We know that if A, B, and C are angles of a triangle and a, b and c are the lengths of the sides of a triangle and R is the circumradius then $${\displaystyle \frac{a}{\sin A}}={\displaystyle \frac{b}{\sin B}}={\displaystyle \frac{c}{\sin C}}=2R$$.

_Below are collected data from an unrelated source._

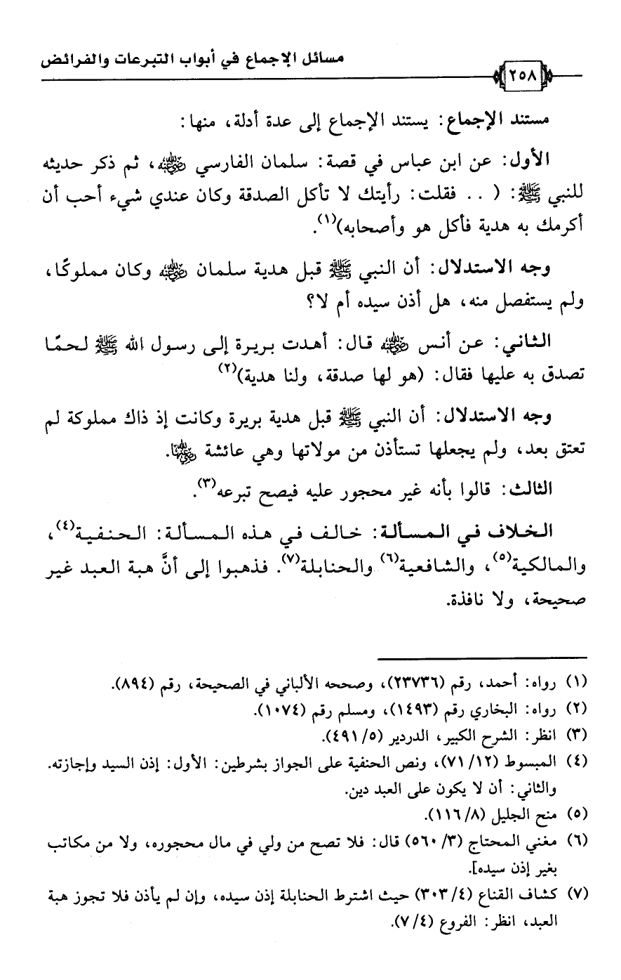 (¬7) كشاف القناع (4/ 303) حيث اشترط الحنابلة إذن سيده، وإن لم يأذن فلا تجوز هبة العبد، انظر: الفروع (4/ 7).
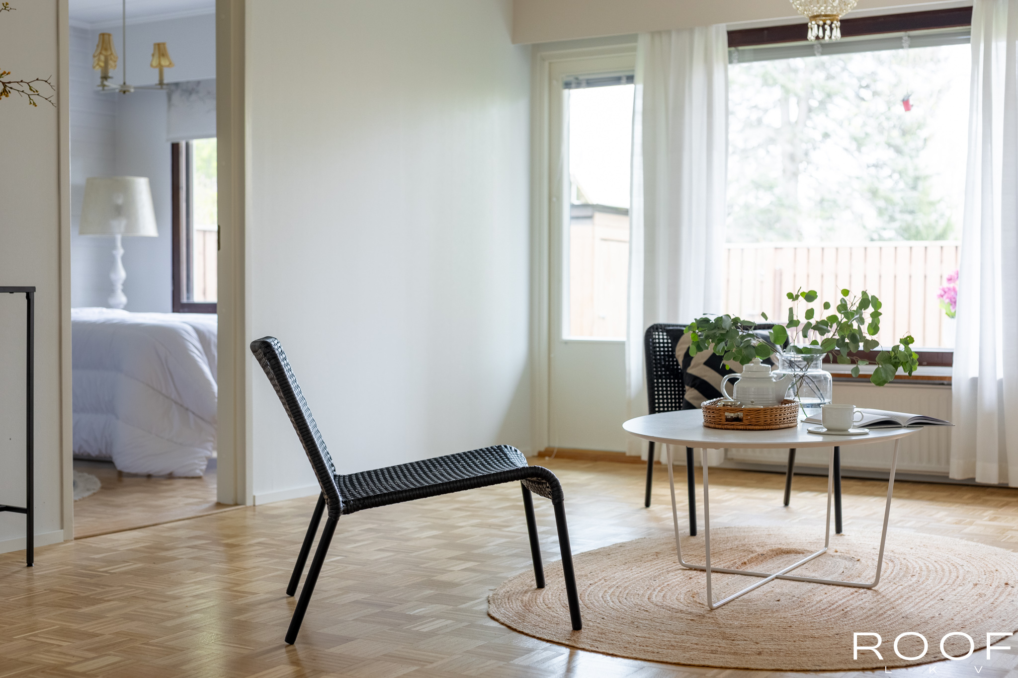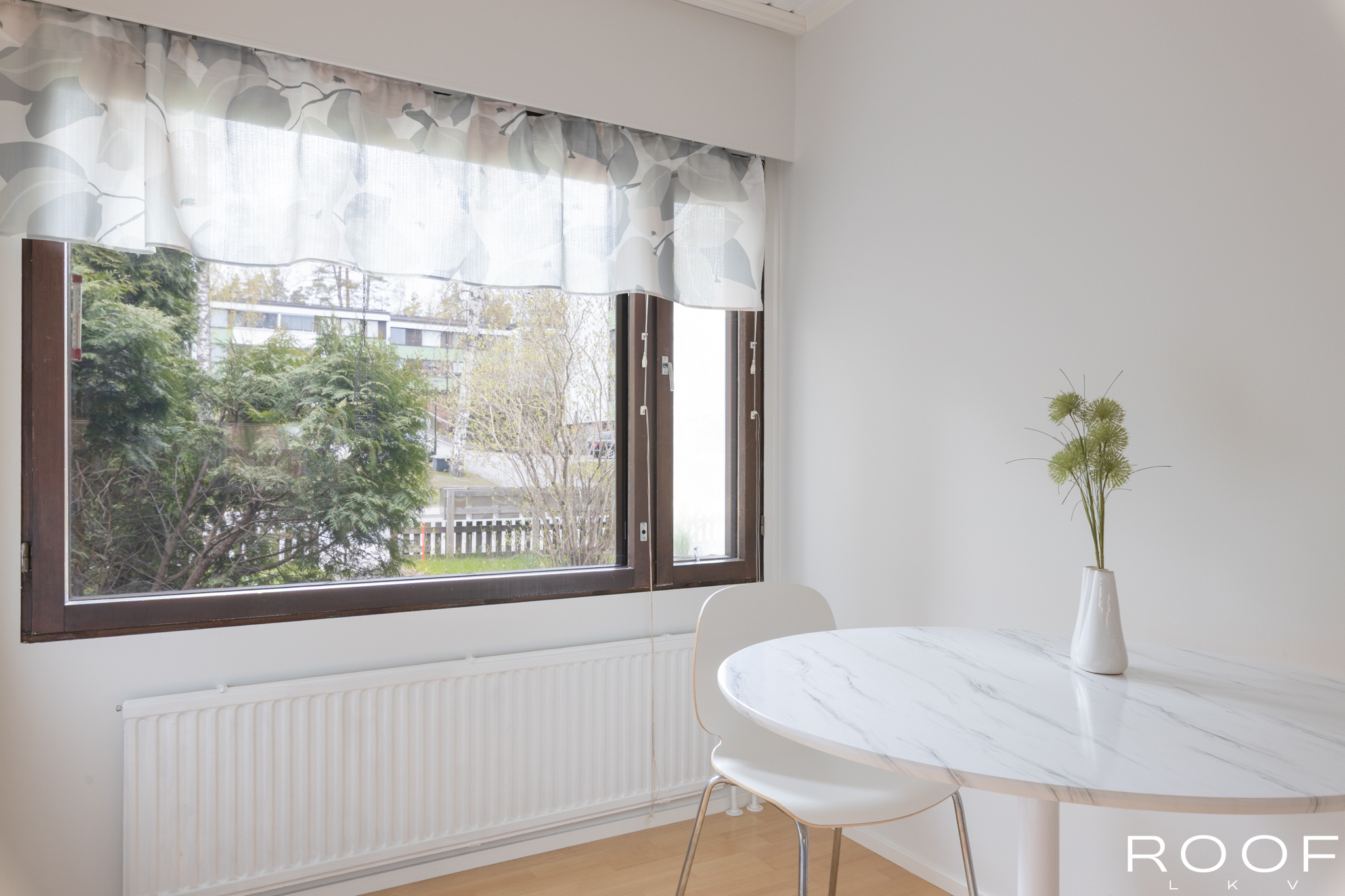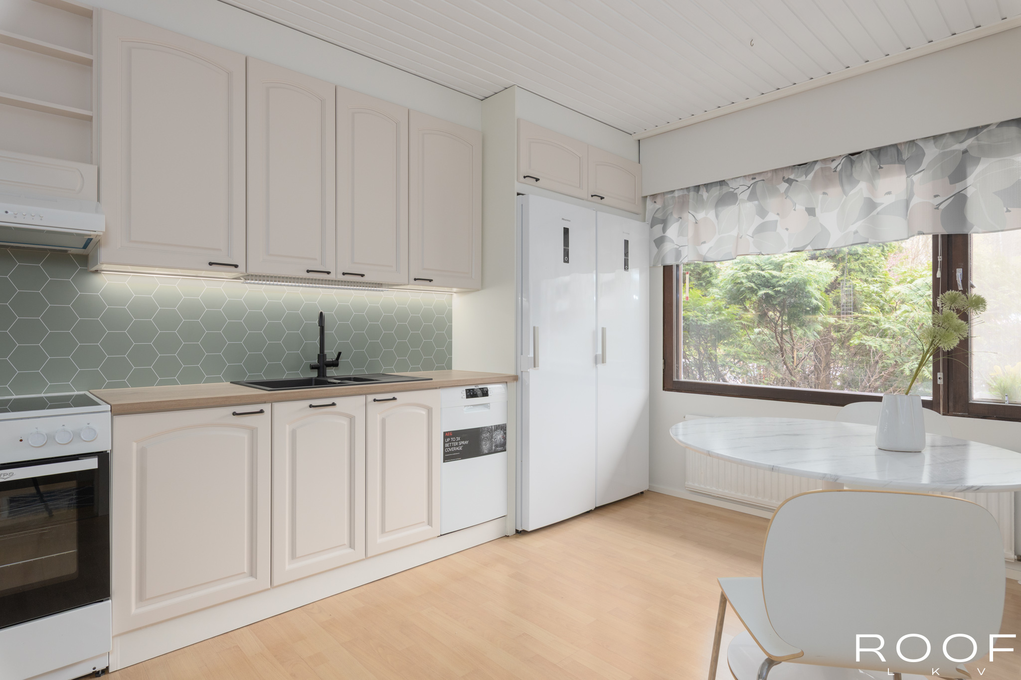 Kodista löytyy mm. keittiö uusilla kodinkoneilla (kevät 2025), ruokailutila ja takkahuone kattoikkunoilla, iso kylpyhuone, ikkunallinen sauna, isoin makuuhuone erillään toisista makuuhuoneista ja tilava olohuone, josta kulku suojaisalle takapihalle. Huoneistolle kuuluu lisäksi lämmin häkkivarasto ja ulkovarasto (kylmä) omalla takapihalla.
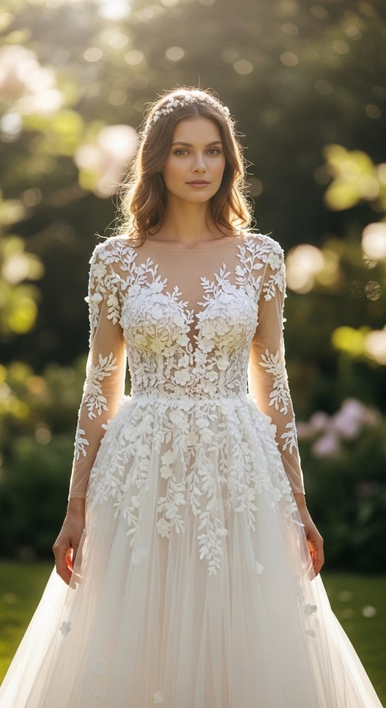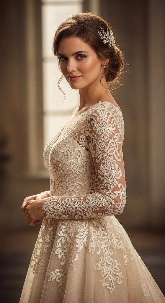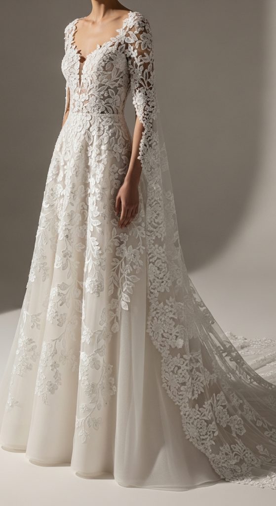 A hand-embroidered lace wedding dress is a classic choice for brides who love timeless romance. Skilled artisans carefully embroider floral or vine motifs onto fine lace fabric, creating depth and texture. This style looks especially stunning on long sleeves, illusion necklines, and flowing skirts. The handcrafted embroidery adds softness and elegance, making the bride look graceful and refined.
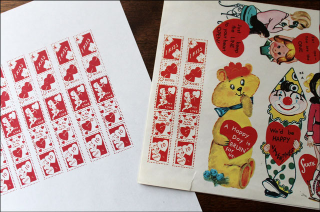 One part of the vintage valentines that I particularly find charming are the little stamps they used to provide, that children would cut out and glue to envelopes that they would be hand delivering. So I made my own reproduction of some by scanning some from an original vintage sheet and printing them up.
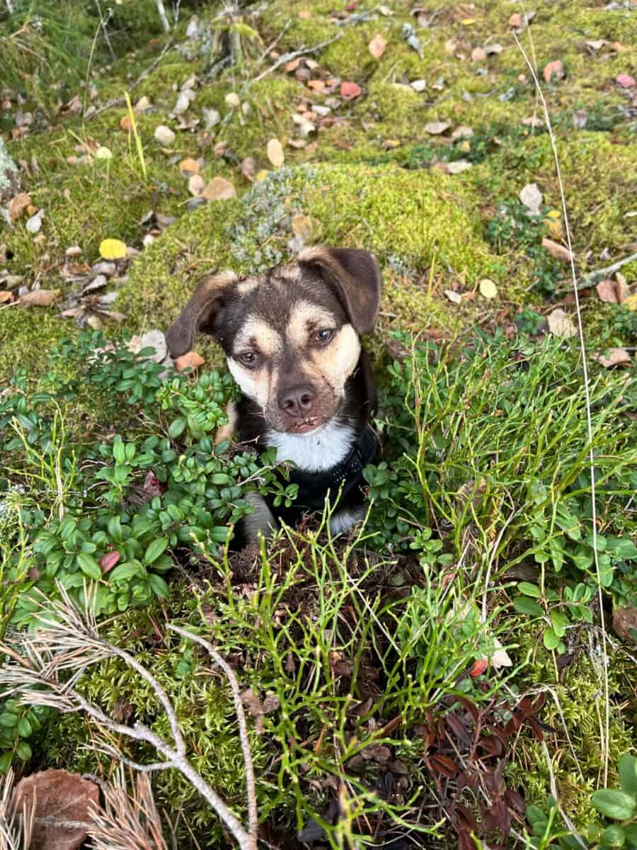 Pääsimme jo heti ensimmäisenä päivänä myös ulkoilemaan ja silloin myös Vendi pääsi hieman rentoutumaan. Vendiä jännitti hieman tarpeiden tekeminen lenkillä, mutta pian huomasimme, että lähellä oleva pelto oli paikka, jonne Vendi meni mielellään asioilleen. Teimme pikku lenkkejä ja tarpeet aina lähipellolle. Vendi näytti alusta saakka pitävänsä ulkoilusta kovasti, käveli reipasta vauhtia ja nuuski innoissaan uudessa ympäristössä. Palkitsimme Vendiä heti alusta lähtien tarpeiden tekemisestä ulos pienellä herkulla ja nopeasti Vendi fiksuna koirana oppi, mistä herkun saa. Pissa tuli alussa ihan muutamia kertoja sisälle, mutta todella nopeasti Vendi oppi sisäsiistiksi. Alkuviikkoina Vendi rohkaistui päivä päivältä enemmän ja enemmän tutkimaan uutta kotia, antoi koskettaa ja silittää sekä antoi tehdä erilaisia hoitotoimenpiteitä, kuten leikata kynsiä. Mieheni oli kaikkein pelottavin Vendin mielestä ja Vendi ei antanut hänen koskettaa itseään pitkään aikaan. Lenkit kuitenkin onnistuivat myös hänen kanssaan, mutta kun lenkiltä tultiin kotiin, Vendi väisteli häntä. Minuun ja poikiimme Vendi suhtautui jo alussa avoimemmin.

Now we will apply sine rule for the triangle ABC, then we get
$${\displaystyle \frac{a}{\sin A}}={\displaystyle \frac{65}{\sin 90}}={\displaystyle \frac{c}{\sin C}}=2R.....(1)$$
From equation (1), we can write
$$\begin{array}{rl}& \Rightarrow {\displaystyle \frac{65}{\sin 90}}=2R\\ & \Rightarrow 2R=65\\ & \Rightarrow R={\displaystyle \frac{65}{2}}....(2)\end{array}$$
We know that the angles of a triangle is equal to $$180{}^{\circ }$$.
So, we can write
$$\begin{array}{rl}& \Rightarrow \mathrm{\angle }A+\mathrm{\angle }B+\mathrm{\angle }C=180{}^{\circ }\\ & \Rightarrow \mathrm{\angle }A+90{}^{\circ }+\mathrm{\angle }C=180{}^{\circ }\\ & \Rightarrow \mathrm{\angle }A+\mathrm{\angle }C=90{}^{\circ }\\ & \Rightarrow \mathrm{\angle }A=90{}^{\circ }-\mathrm{\angle }C.....(3)\end{array}$$
We know that if r is inradius of a triangle, A, B and C are angles of a triangle and R is circumradius of a circle then $$r=R[\cos A+\cos B+\cos C-1]$$.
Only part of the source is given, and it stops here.